Start of ENTRIES PROVIDED
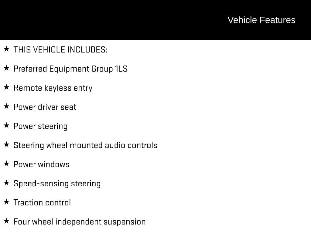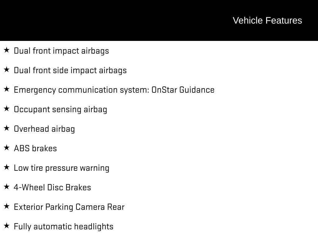 THIS VEHICLE INCLUDES:, 4-Wheel Disc Brakes, ABS brakes, Alloy wheels, Compass, Deluxe Front Bucket Seats, Driver vanity mirror, Dual front impact airbags, Dual front side impact airbags, Emergency communication system: OnStar Guidance, Exterior Parking Camera Rear, Four wheel independent suspension, Front Bucket Seats, Fully automatic headlights, Low tire pressure warning, Occupant sensing airbag, Overhead airbag, Power driver seat, Power steering, Power windows, Preferred Equipment Group 1LS, Remote keyless entry, Speed-sensing steering, Steering wheel mounted audio controls, Telescoping steering wheel, Tilt steering wheel, Traction control.
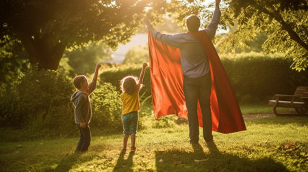 Generative AI : Optimistic smiling family in casual wear and red superhero cloaks having fun together while parents holding cheerful children on shoulders and kids pretending to be
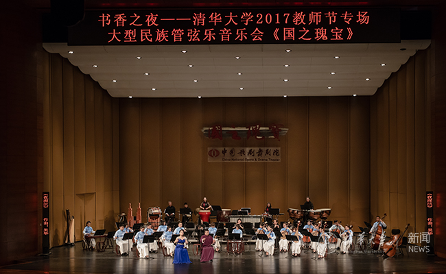 mk(中国)网9月11日电 为庆祝第33个教师节的到来,9月8日晚,“书香之夜”教师节专场演出——中国歌剧舞剧院大型民族管弦乐音乐会《国之瑰宝》在新清华学堂奏响。
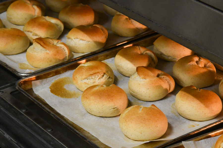 隣の焼成室では、巨大なオーブンからベーグルが焼き上がる瞬間も目撃し、室内中に漂うパンの香ばしい匂いにお腹がグ~と鳴る。
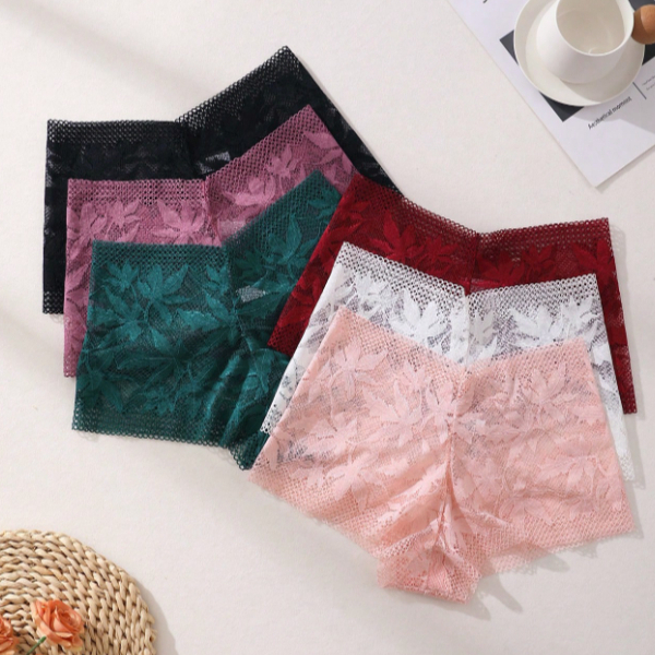 Kit 5 Calcinha Feminina de Renda Sensual Shortinho Caleçon Fio Dental Tanga Lingerie Calesson
End of ENTRIES PROVIDED
> _TASK TO COMPLETE_
With the line containing "mk(中国)网9月11日电 为庆祝第33" as the first line and the last line of the listing as the final one, reproduce that span exactly, without pictures.

> _FINISHED TASK_
 mk(中国)网9月11日电 为庆祝第33个教师节的到来,9月8日晚,“书香之夜”教师节专场演出——中国歌剧舞剧院大型民族管弦乐音乐会《国之瑰宝》在新清华学堂奏响。
 隣の焼成室では、巨大なオーブンからベーグルが焼き上がる瞬間も目撃し、室内中に漂うパンの香ばしい匂いにお腹がグ~と鳴る。
 Kit 5 Calcinha Feminina de Renda Sensual Shortinho Caleçon Fio Dental Tanga Lingerie Calesson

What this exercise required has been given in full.